Blakelock was the son of an accomplished English-born NY physician. At the age of 17, he entered the Free Academy of the City of New York (1864) interested in art and music (piano) and graduated from the College of the City of NY. In 1866, he left the Academy to paint landscapes and called himself "self taught," although he studied briefly at Cooper Union. A year later (1867) he exhibited emotion-filled Barbizon-colored paintings at the National Academy of Design (NY), where he was ultimately elected. In 1869 he rejected an offer to study in Europe to go via horseback to the West to live among Indians and paint the Rockies, the Sierra Nevadas and eventually cityscapes in San Francisco and Oakland. Although his journey from California, through Mexico to Panama and the West Indies is sketchy, he painted 100s of views of Indian

Encampments (1869-1872) and painted in layers, scraping them away with a knife. He also developed a unique signature of R.A. Blakelock and encircled it with an arrowhead outline.

Blakelock believed an artist should paint from the intellect, experiences and emotions to interpret nature, not depend on a replication of details.

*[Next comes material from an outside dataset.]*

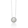 Collana in oro 750/1000, il che significa che è composta per il 75% da oro puro. Ha 20 diamanti naturali con un peso totale di 11,2 carati, classificati come G (colore) e Pur.SI (purezza), il che indica che sono di alta qualità. Inoltre, ci sono 1 perla vera Akoya di alta selezione, di colore bianco e con un diametro di 7-7,5 mm.

Blakelock returned to New York City (ca. 1876) and painted romanticism with a loose palette that imitated the French Impressionists but his use of dark somber colors seemed to be influenced by the Barbizon school. In 1877 he married and became somewhat well known for moody, nocturnal scenes depicting trees silhouetted against a luminous sky. Because his style was "foreign" to what patrons considered collectible, Blakelock lived for years in abject poverty with his wife and nine children and jumped at the chance to sell 33 paintings to a NY dealer for $100. As dealers took advantage of Blacklock, he became despondent and increasingly eccentric and the day his ninth child was born came his mental collapse. The goal to earn enough money upon which to live became too stressful, the artist became overly violent, was moved to an asylum in Middletown, NY (1899), was diagnosed a paranoid schizophrenic and incarcerated for 20 years, left to paint on paper images of the money that had eluded him.

Although Blakelock sold Brook at Midnight to a dealer for less than $10, in 1916 the Toledo Art Museum purchased it for a reported $20,000 and the public considered Blakelock in vogue. The artist still lived in an asylum and his family in a one-room shack in a Catskill ravine. Blakelock's daughter Marian began to paint landscapes and when her work was signed with her father’s signature by a NY dealer, she ended up in an asylum in 1915. Tragically, until 1916 Blakelock lived in an asylum and was re-hospitalized frequently until his August 9, 1919 death. Although in 1913 he sold a painting for $13,900, he never fully realized his art work was selling for thousands of dollars or knew he had been accepted as an American painting master. At the time of his death, he was considered the most famous artist in America.